Copy, word for word, the lines of the entries below between the one with "2012 NISSAN MURANO S" and the one with "豐富五彩繽紛的季節時蔬沙拉,服務人員還會", inclusive, and leave out everything else.

• RECORDS FOR THE TASK:
++++++

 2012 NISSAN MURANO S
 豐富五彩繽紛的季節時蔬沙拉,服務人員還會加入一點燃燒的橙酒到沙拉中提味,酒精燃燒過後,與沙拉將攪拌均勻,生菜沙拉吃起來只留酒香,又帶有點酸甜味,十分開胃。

++++++

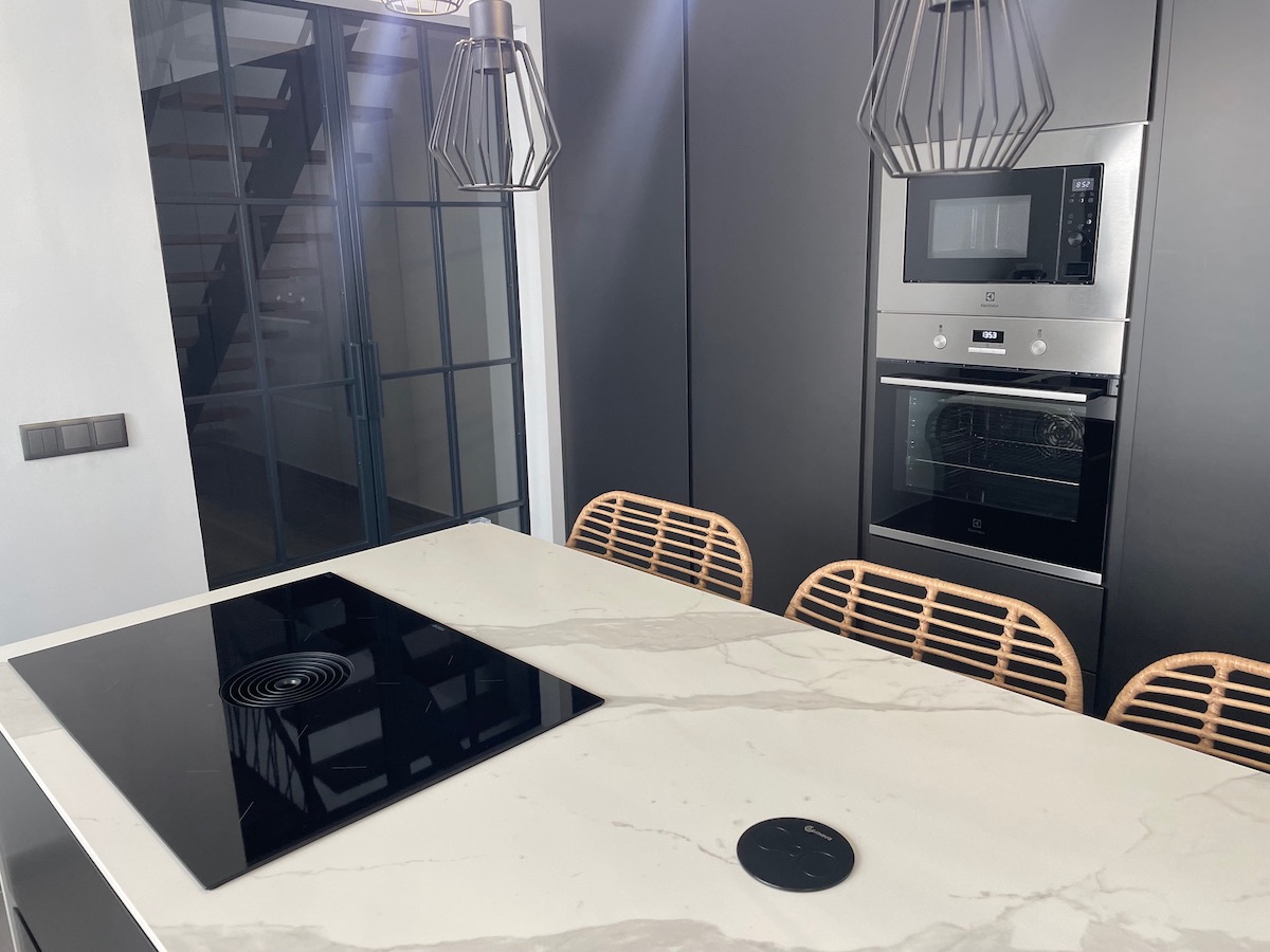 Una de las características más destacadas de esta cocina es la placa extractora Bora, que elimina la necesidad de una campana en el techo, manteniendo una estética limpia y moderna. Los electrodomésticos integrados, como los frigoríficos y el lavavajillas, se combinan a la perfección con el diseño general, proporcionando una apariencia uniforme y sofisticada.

++++++

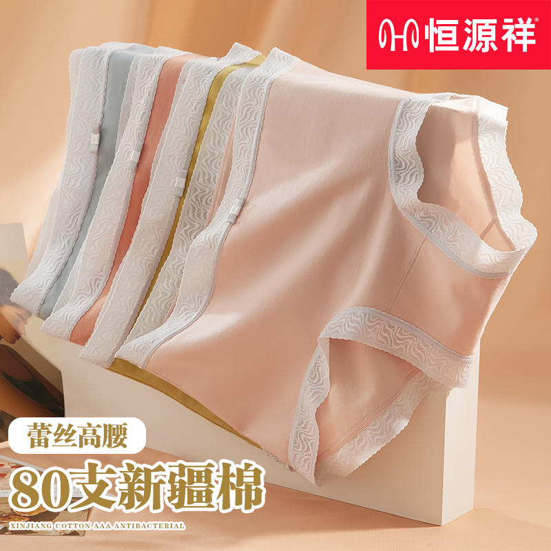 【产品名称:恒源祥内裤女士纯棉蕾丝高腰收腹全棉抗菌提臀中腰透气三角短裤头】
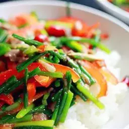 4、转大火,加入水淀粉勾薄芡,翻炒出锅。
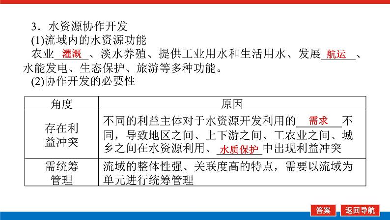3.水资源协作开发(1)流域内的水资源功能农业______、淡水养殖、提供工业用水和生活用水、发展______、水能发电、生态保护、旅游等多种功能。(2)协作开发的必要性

++++++

• WRITTEN RESPONSE:
 2012 NISSAN MURANO S
 豐富五彩繽紛的季節時蔬沙拉,服務人員還會加入一點燃燒的橙酒到沙拉中提味,酒精燃燒過後,與沙拉將攪拌均勻,生菜沙拉吃起來只留酒香,又帶有點酸甜味,十分開胃。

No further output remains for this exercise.